The poem Ivan Pidkova by Taras Shevchenko (in The Complete Kobzar) contains the following lines:

There was an age - that trouble
Pranced about Ukraine,
Grief quaffed honeymead
Like rebels in a tavern.
There was a time
When living in Ukraine was good...
Let's recall it! Perhaps the
Heart will rest a bit.

Why does the poem refer to a period of warfare as "good"? Or am I misunderstanding this line?

  • 4
    Maybe those times were different times. It's not clear to me that this "age" and this "time" are meant to occur simultaneously
    – FShrike
    Nov 6, 2023 at 19:48

1 Answer 1


To understand these lines, it is useful to also look at the poem's opening. I do not have a copy of The Complete Kobzar, so I will be using the version from The Poetical Works of Taras Shevchenko: The Kobzar, available from the Internet Archive, and so the translations may differ slightly.

The opening lines are:

There was a time in our Ukraine
When cannon roared with glee
A time when Zaporozhian men
Excelled in mastery!
They lived as masters - freedom’s joy
And glory were their gain

Here Shevchenko is harking back to an idealised vision of Ukraine, before it was amalgamated into the Russian Empire. It was peopled by the Zaporozhian cossacks who led free and warlike lives. This cultural reference to Ukraine's romantic cossack past is common to many of Shevchenko's poems. John Panchuk, for example, remarked in Shevchenko's Testament that:

For Shevchenko, Ukraine is the home of the Zaporozhian Kozaks, whose valor and exploits in countless struggles were the bulwark for over two centuries of individual and political freedom of the people, whose glory and fame were preserved in songs and ballads of the wandering minstrels, the kobzars of Ukraine.

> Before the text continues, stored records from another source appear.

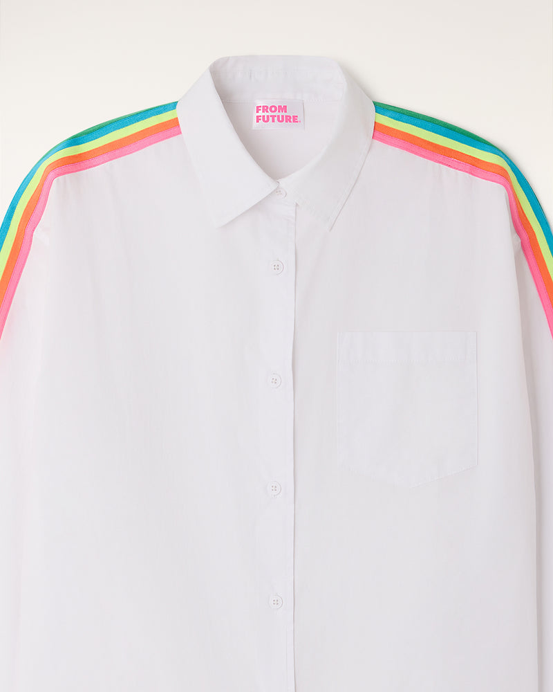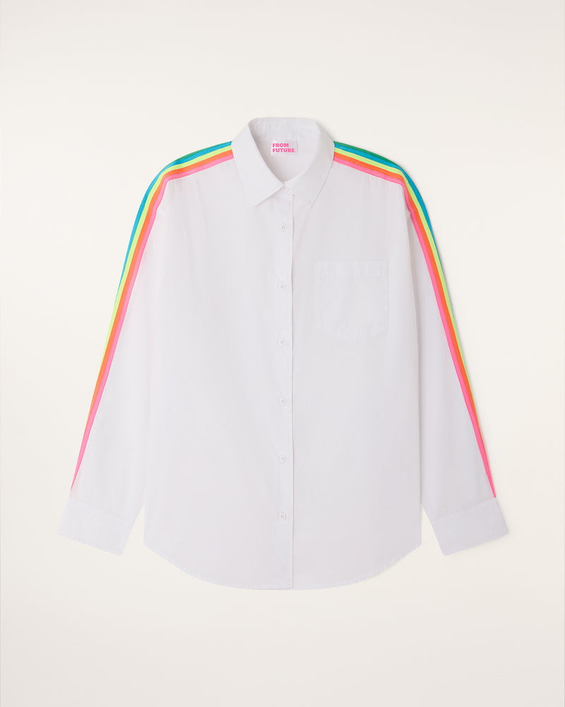 A bright and dynamic piece that revisits the codes of the classic shirt. Made from cotton poplin, it stands out with its multicolored stripes placed along the sleeves for a graphic and modern look. Its oversize fit offers an impeccable drape and absolute everyday comfort.
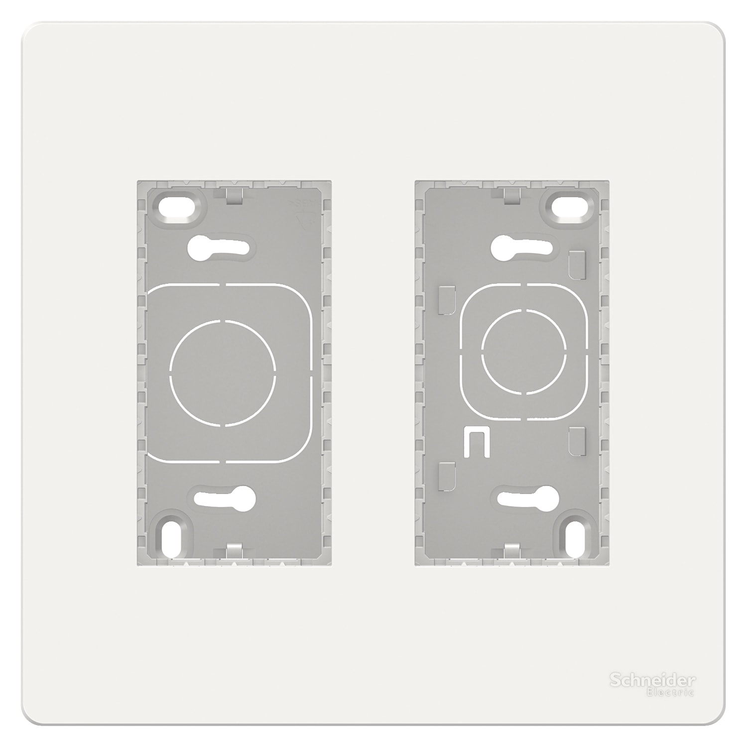 NU122418 se compose d'un support en saillie, de 2 supports de fixation en plastique et d'une plaque de finition de couleur blanc brillant RAL9003. Des barrettes de maintien sont inclues, ainsi que des vis et chevilles pour fixer le produit.
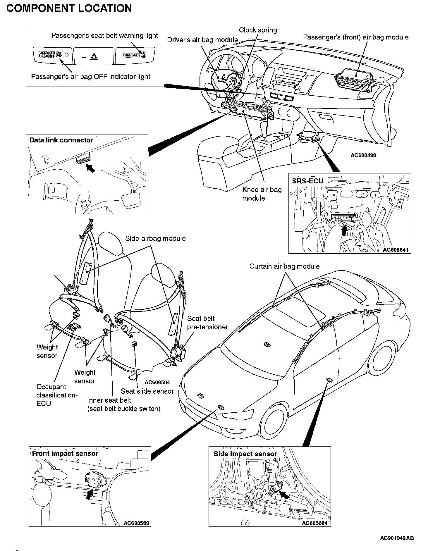 NOTE: The illustration above shows the front impact sensor (LH) and the side impact sensor (LH). The position of the front impact sensor (RH) and the side impact sensor (RH) is symmetrical to this.

The subject of the poem, Ivan Pidkova, was a prominent leader of the Ukrainian cossacks, fighting against domination by the Ottoman empire, possibly even leading a raid on Constantinople itself. This "happy time" of martial prowess ended, however, and Shevchenko continues:

All that has passed, and what is left
Is grave mounds on the plain

The "grave mounds" refer to the burial mounds where many of the cossacks were buried, and with them, symbolically, Ukrainian freedom. For that reason Shevchenko regarded them as sacred, and was appalled by the archeological expeditions that despoiled them (see for example his poem "The Great Mound" from 1845).

The lines quoted in the question echo the opening lines:

There was a time when in Ukraine
Even distress would dance
And sorrow in a tavern drank
In honeyed brandy’s dance

In that happy past time, even the unpleasant aspects of life, distress and sorrow, were better than the way they appear in Shevchecnko's time. Although they are undesirable, they are nonetheless tolerable because they are being experienced by free people.

The verse ends with the lines:

There was a time when life was good
In that Ukraine of ours...
Recall it then - perhaps the heart
May briefly bathe in flowers

which again calls to the reader to remember the golden era of Ukraine's past, and hold on to the hope that those days may come again.